» **WHAT IS NEEDED**
In the material below, find the line containing "- Ce dossier" and the line containing "State and observer". Output those two lines and all lines between them exactly, without pictures.

» **SOURCE MATERIAL**
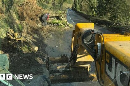 Farmers worked together to remove two trees which were toppled by Storm Goretti and left lying on a blind bend of a main road in Helston. Dairy farmer Martin Wallis, who runs Penventon Farm just outsi...
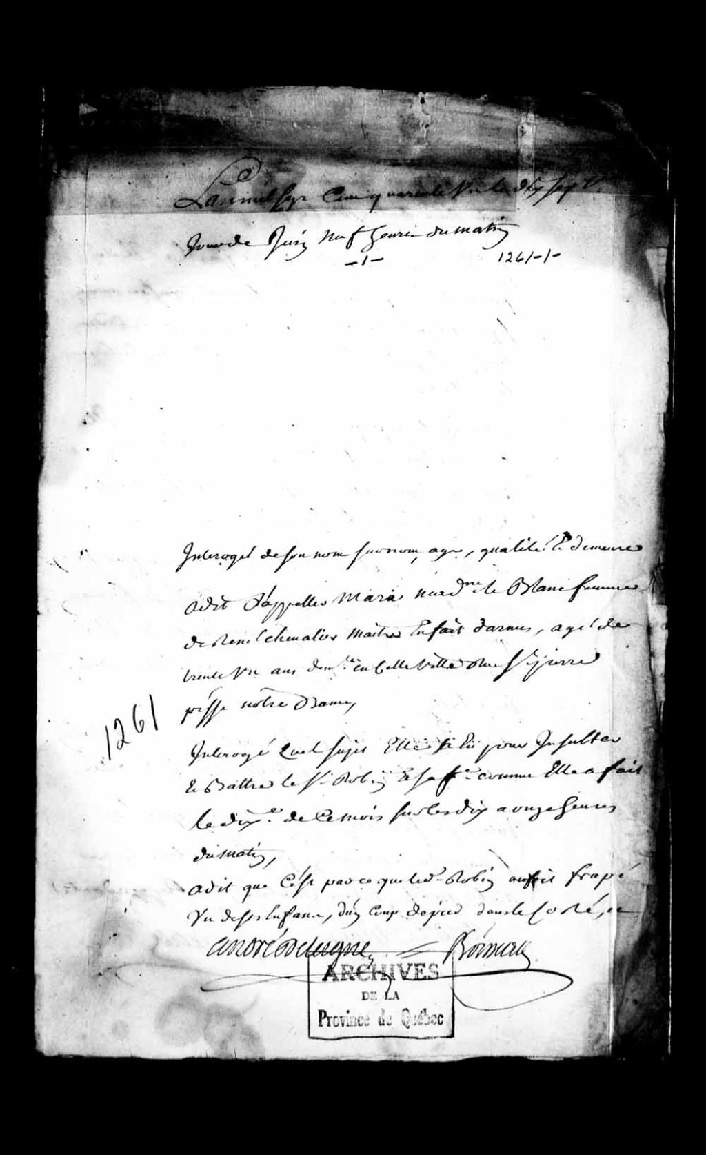 - Ce dossier en matières criminelles provient de la Prévôté de Québec et contient les témoignages ou les dépositions des personnes suivantes : Marie-Madeleine Leblanc, femme de René Chevalier, maître en fait d'armes, âgée de 31 ans, demeurant à Québec, rue Saint-Pierre, paroisse Notre-Dame; Henri Breton (LeBreton), navigateur, demeurant à Québec, rue Saint-Pierre, paroisse Notre-Dame, âgé de 33 ans; Barthélémy Rose (Rosa) dit Nolin, demeurant chez Barthélémy Rose, son père, rue du Sault-aux-Matelots, paroisse de Notre-Dame, âgé de 20 ans; Isidore Morin, navigateur demeurant à Québec, rue Saint-Pierre, paroisse Notre-Dame, âgé de 25 ans; Marie Dumesnil (Dumesny - Dumenil), femme de Jean Lespagnol, journalier de Québec, demeurant rue Saint-Pierre, paroisse Notre-Dame, âgée de 36 ans. Ce dossier comprend l'interrogatoire de Marie-Madeleine Leblanc; une information faite par la Prévôté de Québec; une ordonnance de la Prévôté de Québec, afin de procéder à l'interrogatoire de Leblanc; le certificat du chirurgien Desnouhes; un procès-verbal d'assignation des témoins; l'ordonnance d'assignation des témoins; la requête de Jean Robin, adressée à la Prévôté de Québec
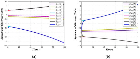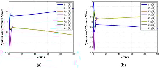 State and observer trajectories with control. (a) , ; (b) , .
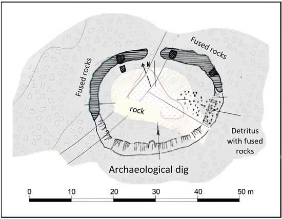 Bertolani [] initially presented data on the spatial distribution and petrographic characteristics of the vitrified rocks on Serravuda Hill. Recently, other authors added further insights [,]. The vitrification process involved the upper portion of a rocky debris deposit localized along the northern and northwestern edges of the flat hilltop. This deposit forms an elongated structure, arched at the ends, like a wall about 45 m long (20 m and 25 m each part) and with an average thickness of about one meter (see Figure 1).

» **SOLUTION FOR THIS PROBLEM**
 - Ce dossier en matières criminelles provient de la Prévôté de Québec et contient les témoignages ou les dépositions des personnes suivantes : Marie-Madeleine Leblanc, femme de René Chevalier, maître en fait d'armes, âgée de 31 ans, demeurant à Québec, rue Saint-Pierre, paroisse Notre-Dame; Henri Breton (LeBreton), navigateur, demeurant à Québec, rue Saint-Pierre, paroisse Notre-Dame, âgé de 33 ans; Barthélémy Rose (Rosa) dit Nolin, demeurant chez Barthélémy Rose, son père, rue du Sault-aux-Matelots, paroisse de Notre-Dame, âgé de 20 ans; Isidore Morin, navigateur demeurant à Québec, rue Saint-Pierre, paroisse Notre-Dame, âgé de 25 ans; Marie Dumesnil (Dumesny - Dumenil), femme de Jean Lespagnol, journalier de Québec, demeurant rue Saint-Pierre, paroisse Notre-Dame, âgée de 36 ans. Ce dossier comprend l'interrogatoire de Marie-Madeleine Leblanc; une information faite par la Prévôté de Québec; une ordonnance de la Prévôté de Québec, afin de procéder à l'interrogatoire de Leblanc; le certificat du chirurgien Desnouhes; un procès-verbal d'assignation des témoins; l'ordonnance d'assignation des témoins; la requête de Jean Robin, adressée à la Prévôté de Québec
 State and observer trajectories with control. (a) , ; (b) , .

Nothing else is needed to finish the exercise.